- _EXERCISE GOAL_
Print exactly the line that contains "二層:3間臥室,大小適宜;臥", then every following line through the end of the material; include nothing else and no pictures.
◆ ◆ ◆ ◆
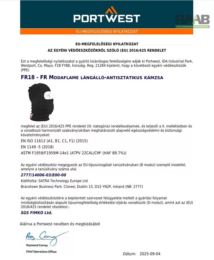 EN ISO 11612 A1, B1, C1, F1
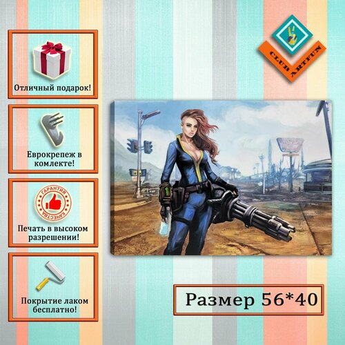 Картина на холсте Fallout "Девушка и миниган" 56х40 см.
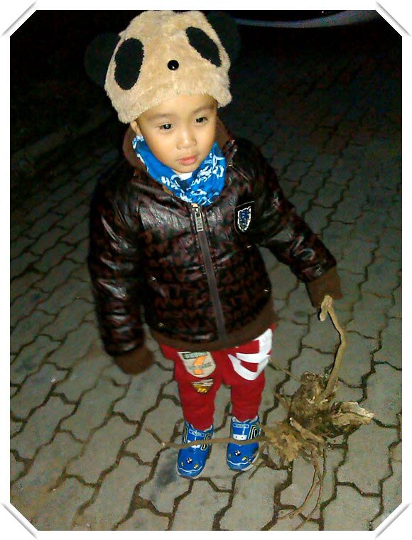 晚上8点多钟的时候小家伙又想起树根来了。当时妈妈还没注意呢,
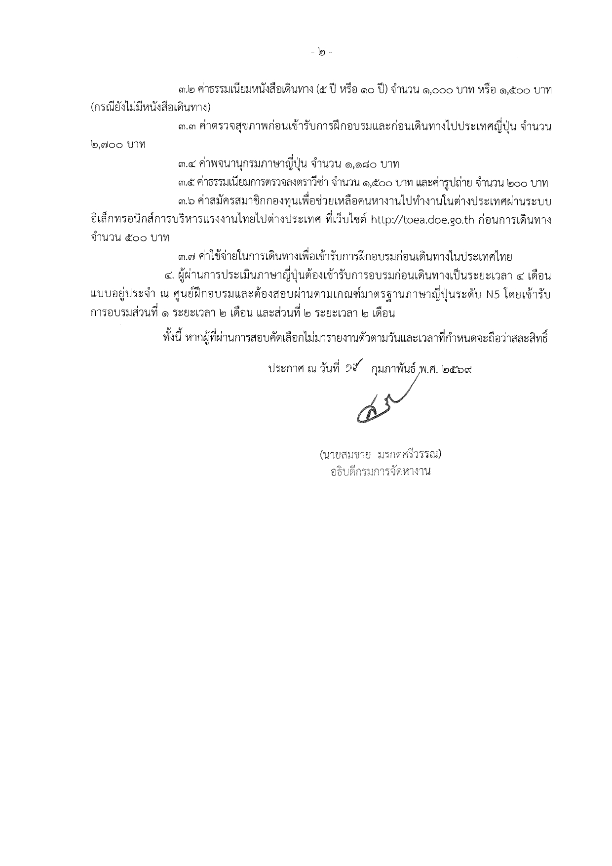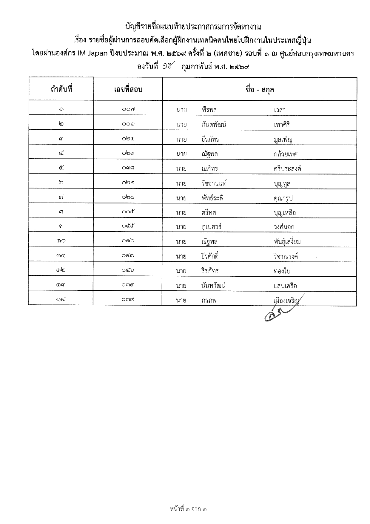 ประกาศกรมการจัดหางาน เรื่อง รายชื่อผู้ผ่านการสอบคัดเลือกผู้ฝึกงานเทคนิคคนไทยไปฝึกงานในประเทศญี่ปุ่น โดยผ่านองค์กร IM Japan ปีงบประมาณ พ.ศ. 2569 ครั้งที่ 2 (เพศชาย) รอบที่ 1 ณ ศูนย์สอบกรุงเทพมหานคร
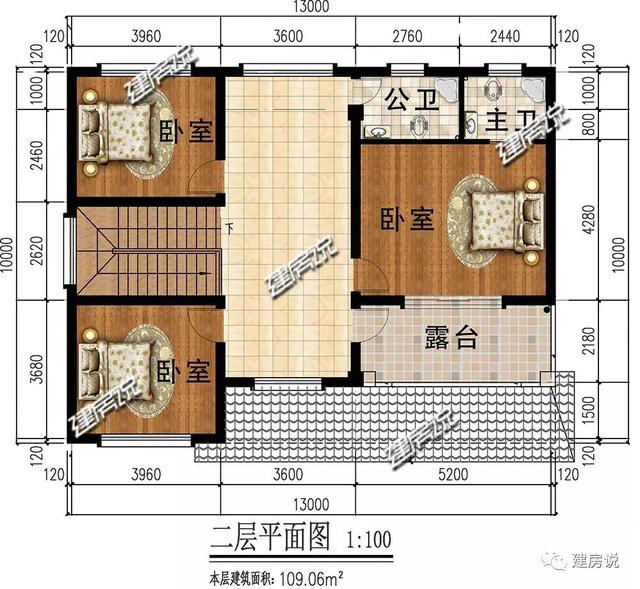二層:3間臥室,大小適宜;臥室外的露臺設計,可盡情欣賞鄉(xiāng)村靚麗景色。
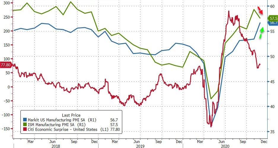 ZeroHedge - Dec 1st 2020 10:04am EST US Manufacturing Surveys Send Mixed Signals As Employment Plunges Tyler Durden Tue, 12/01/2020 – 10:04 China’s overnight exuberance in its PMI surveys buoyed global stock markets but all eyes will be on US data this morning. As US ‘hard’ data has slumped for 4 straight months, ‘soft’ survey data has continued to surprise to the […]
◆ ◆ ◆ ◆
- _COMPLETED TASK_
二層:3間臥室,大小適宜;臥室外的露臺設計,可盡情欣賞鄉(xiāng)村靚麗景色。
 ZeroHedge - Dec 1st 2020 10:04am EST US Manufacturing Surveys Send Mixed Signals As Employment Plunges Tyler Durden Tue, 12/01/2020 – 10:04 China’s overnight exuberance in its PMI surveys buoyed global stock markets but all eyes will be on US data this morning. As US ‘hard’ data has slumped for 4 straight months, ‘soft’ survey data has continued to surprise to the […]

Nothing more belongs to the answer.